• _Dataset content_:
·····
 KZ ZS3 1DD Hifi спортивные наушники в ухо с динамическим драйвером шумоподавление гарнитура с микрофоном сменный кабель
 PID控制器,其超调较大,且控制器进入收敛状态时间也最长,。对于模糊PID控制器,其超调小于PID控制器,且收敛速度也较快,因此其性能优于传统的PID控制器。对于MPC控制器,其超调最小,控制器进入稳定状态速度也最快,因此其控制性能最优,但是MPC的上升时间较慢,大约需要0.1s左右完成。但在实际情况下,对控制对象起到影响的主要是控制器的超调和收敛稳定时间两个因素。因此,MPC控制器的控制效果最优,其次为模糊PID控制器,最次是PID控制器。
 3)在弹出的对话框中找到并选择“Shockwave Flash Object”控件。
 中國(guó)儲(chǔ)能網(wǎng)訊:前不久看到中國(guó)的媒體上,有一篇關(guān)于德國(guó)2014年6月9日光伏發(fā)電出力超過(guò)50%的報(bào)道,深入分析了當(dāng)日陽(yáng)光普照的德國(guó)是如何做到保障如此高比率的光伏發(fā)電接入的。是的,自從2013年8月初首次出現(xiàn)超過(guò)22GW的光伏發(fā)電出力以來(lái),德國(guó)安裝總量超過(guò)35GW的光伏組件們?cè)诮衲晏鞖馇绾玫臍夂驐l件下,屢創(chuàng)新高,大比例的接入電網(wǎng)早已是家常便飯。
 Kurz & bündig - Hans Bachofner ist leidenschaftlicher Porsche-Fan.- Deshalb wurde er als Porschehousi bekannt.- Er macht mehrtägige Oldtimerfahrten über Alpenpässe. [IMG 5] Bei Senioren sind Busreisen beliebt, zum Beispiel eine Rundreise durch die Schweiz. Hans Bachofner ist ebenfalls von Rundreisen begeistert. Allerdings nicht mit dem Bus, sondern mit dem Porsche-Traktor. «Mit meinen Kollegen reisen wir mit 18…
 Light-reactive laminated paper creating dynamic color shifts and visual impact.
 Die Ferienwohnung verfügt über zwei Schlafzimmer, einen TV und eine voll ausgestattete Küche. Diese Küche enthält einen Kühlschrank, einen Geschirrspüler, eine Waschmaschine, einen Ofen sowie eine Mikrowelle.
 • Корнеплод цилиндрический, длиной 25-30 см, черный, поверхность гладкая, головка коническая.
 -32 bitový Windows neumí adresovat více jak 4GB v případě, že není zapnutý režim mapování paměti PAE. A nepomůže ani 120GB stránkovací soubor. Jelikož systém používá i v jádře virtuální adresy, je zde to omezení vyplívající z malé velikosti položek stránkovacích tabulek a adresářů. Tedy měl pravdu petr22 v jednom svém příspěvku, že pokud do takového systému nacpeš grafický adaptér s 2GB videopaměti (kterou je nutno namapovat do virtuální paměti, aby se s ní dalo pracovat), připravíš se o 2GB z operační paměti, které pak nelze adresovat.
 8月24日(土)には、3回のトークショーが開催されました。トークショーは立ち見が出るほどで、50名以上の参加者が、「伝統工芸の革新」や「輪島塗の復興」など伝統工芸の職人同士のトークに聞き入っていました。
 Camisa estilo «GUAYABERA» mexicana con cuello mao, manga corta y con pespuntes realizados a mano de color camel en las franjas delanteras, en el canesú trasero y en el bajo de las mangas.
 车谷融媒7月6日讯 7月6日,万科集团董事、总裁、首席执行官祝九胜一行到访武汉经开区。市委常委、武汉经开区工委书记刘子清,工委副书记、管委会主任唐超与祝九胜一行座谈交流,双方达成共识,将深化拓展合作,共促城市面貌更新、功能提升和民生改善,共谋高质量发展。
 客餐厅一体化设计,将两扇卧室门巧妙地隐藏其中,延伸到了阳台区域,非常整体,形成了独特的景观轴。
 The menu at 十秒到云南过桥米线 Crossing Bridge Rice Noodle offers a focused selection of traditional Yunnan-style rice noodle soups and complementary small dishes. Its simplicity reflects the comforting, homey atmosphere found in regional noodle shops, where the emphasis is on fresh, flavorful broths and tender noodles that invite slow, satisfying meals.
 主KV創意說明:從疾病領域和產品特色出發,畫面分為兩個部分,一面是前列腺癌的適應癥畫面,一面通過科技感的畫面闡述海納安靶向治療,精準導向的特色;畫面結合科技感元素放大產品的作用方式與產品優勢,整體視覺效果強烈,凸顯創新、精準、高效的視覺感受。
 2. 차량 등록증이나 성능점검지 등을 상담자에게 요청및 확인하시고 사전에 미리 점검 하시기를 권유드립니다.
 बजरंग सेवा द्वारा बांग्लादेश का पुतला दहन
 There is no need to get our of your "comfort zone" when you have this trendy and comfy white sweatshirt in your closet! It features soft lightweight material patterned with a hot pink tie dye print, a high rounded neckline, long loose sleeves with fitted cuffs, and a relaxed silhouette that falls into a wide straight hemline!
·····
• _What is being asked_:
Using the records above, copy word for word the line with "Die Ferienwohnung verfügt", the line with "гладкая, головка коническая.", and every line between them.

• _Answer space_:
 Die Ferienwohnung verfügt über zwei Schlafzimmer, einen TV und eine voll ausgestattete Küche. Diese Küche enthält einen Kühlschrank, einen Geschirrspüler, eine Waschmaschine, einen Ofen sowie eine Mikrowelle.
 • Корнеплод цилиндрический, длиной 25-30 см, черный, поверхность гладкая, головка коническая.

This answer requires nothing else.